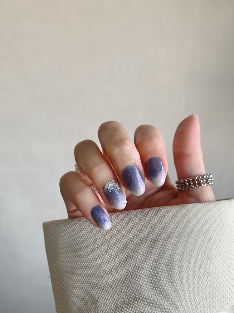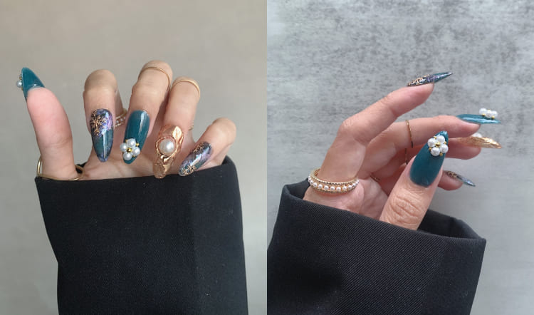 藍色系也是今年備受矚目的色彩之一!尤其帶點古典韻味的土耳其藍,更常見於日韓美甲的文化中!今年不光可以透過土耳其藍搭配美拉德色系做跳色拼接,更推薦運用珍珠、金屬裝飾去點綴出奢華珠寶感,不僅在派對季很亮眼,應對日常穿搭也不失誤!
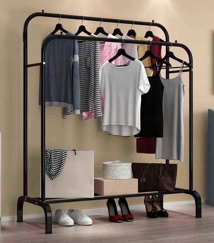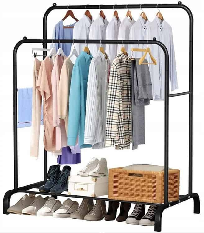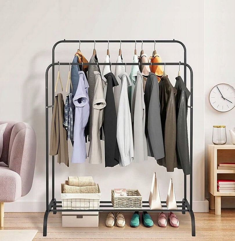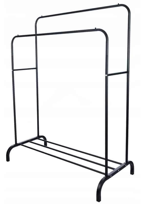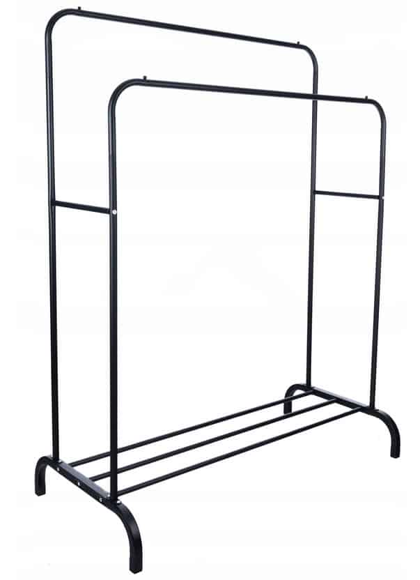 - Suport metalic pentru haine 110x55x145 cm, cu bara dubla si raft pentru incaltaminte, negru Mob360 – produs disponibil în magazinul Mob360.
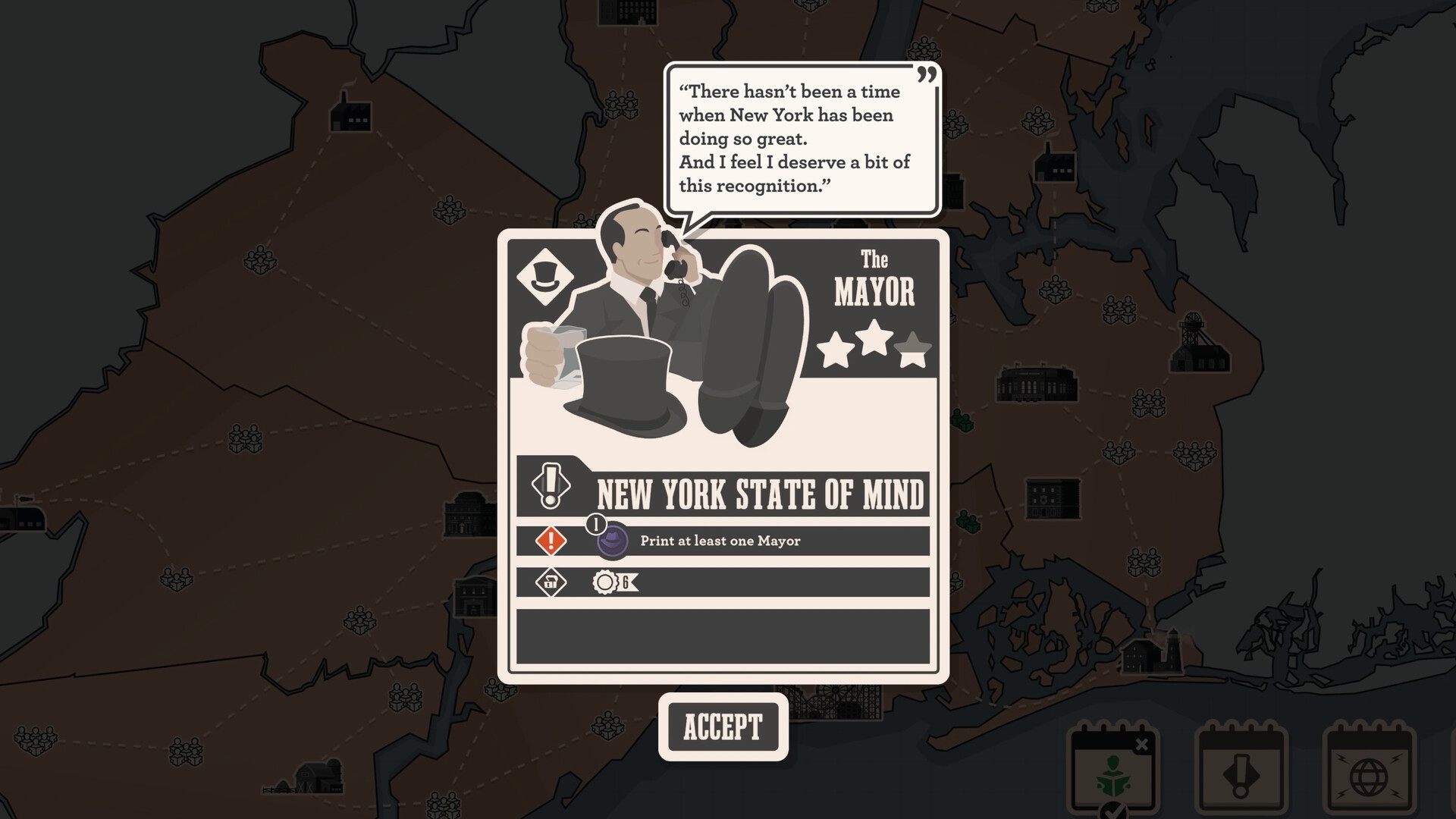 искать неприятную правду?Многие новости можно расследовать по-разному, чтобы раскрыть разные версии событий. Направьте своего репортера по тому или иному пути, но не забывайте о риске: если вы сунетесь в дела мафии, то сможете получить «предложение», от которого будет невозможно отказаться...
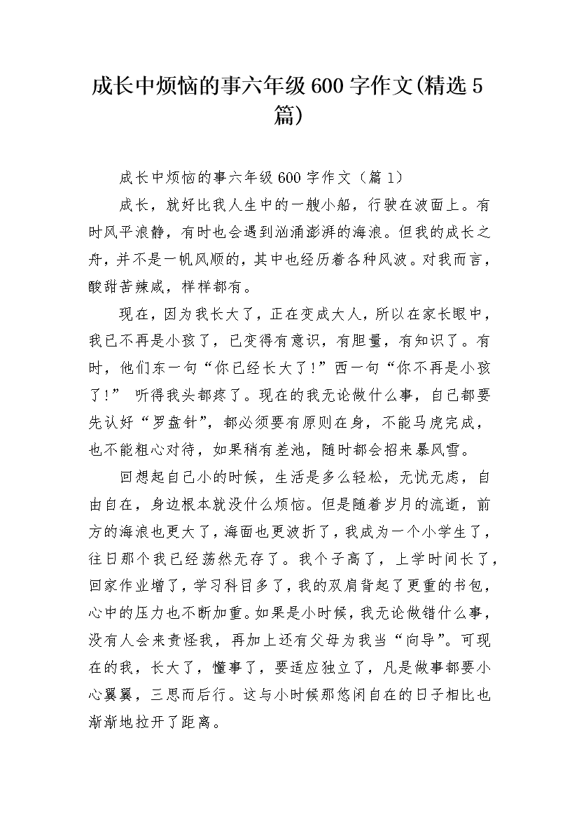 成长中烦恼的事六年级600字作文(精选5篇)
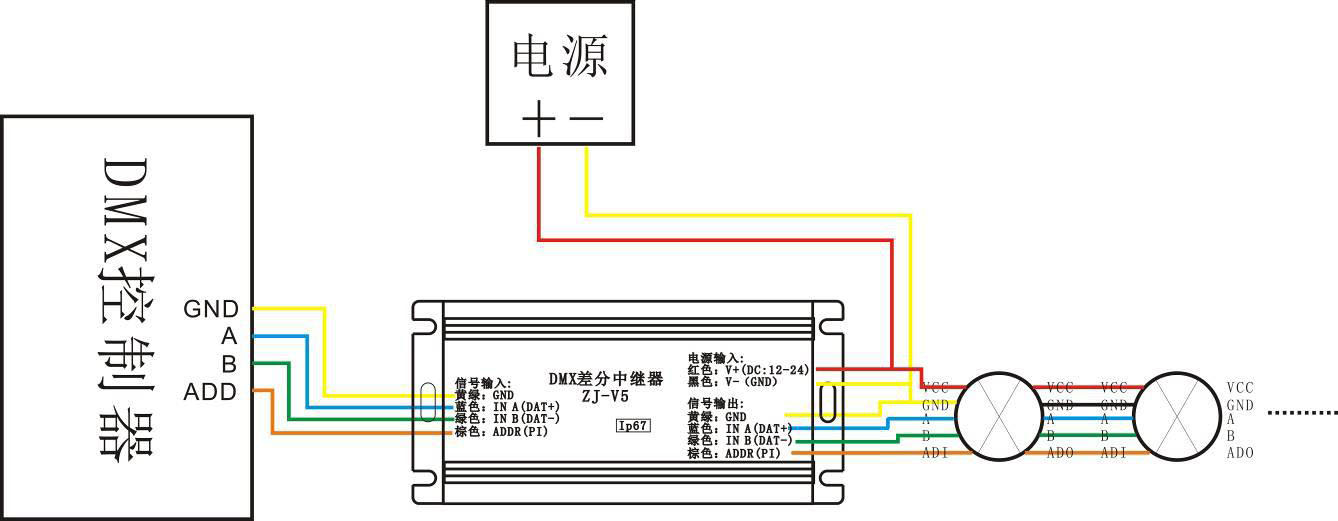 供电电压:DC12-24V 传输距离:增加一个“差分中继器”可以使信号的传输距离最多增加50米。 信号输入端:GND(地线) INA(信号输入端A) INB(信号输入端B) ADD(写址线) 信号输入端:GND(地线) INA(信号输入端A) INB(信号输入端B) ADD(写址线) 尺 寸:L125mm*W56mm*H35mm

##############################

• YOUR INSTRUCTIONS
Output each record above exactly as written. Skip any pictures.

• ANSWER SPACE
 藍色系也是今年備受矚目的色彩之一!尤其帶點古典韻味的土耳其藍,更常見於日韓美甲的文化中!今年不光可以透過土耳其藍搭配美拉德色系做跳色拼接,更推薦運用珍珠、金屬裝飾去點綴出奢華珠寶感,不僅在派對季很亮眼,應對日常穿搭也不失誤!
 - Suport metalic pentru haine 110x55x145 cm, cu bara dubla si raft pentru incaltaminte, negru Mob360 – produs disponibil în magazinul Mob360.
 искать неприятную правду?Многие новости можно расследовать по-разному, чтобы раскрыть разные версии событий. Направьте своего репортера по тому или иному пути, но не забывайте о риске: если вы сунетесь в дела мафии, то сможете получить «предложение», от которого будет невозможно отказаться...
 成长中烦恼的事六年级600字作文(精选5篇)
 供电电压:DC12-24V 传输距离:增加一个“差分中继器”可以使信号的传输距离最多增加50米。 信号输入端:GND(地线) INA(信号输入端A) INB(信号输入端B) ADD(写址线) 信号输入端:GND(地线) INA(信号输入端A) INB(信号输入端B) ADD(写址线) 尺 寸:L125mm*W56mm*H35mm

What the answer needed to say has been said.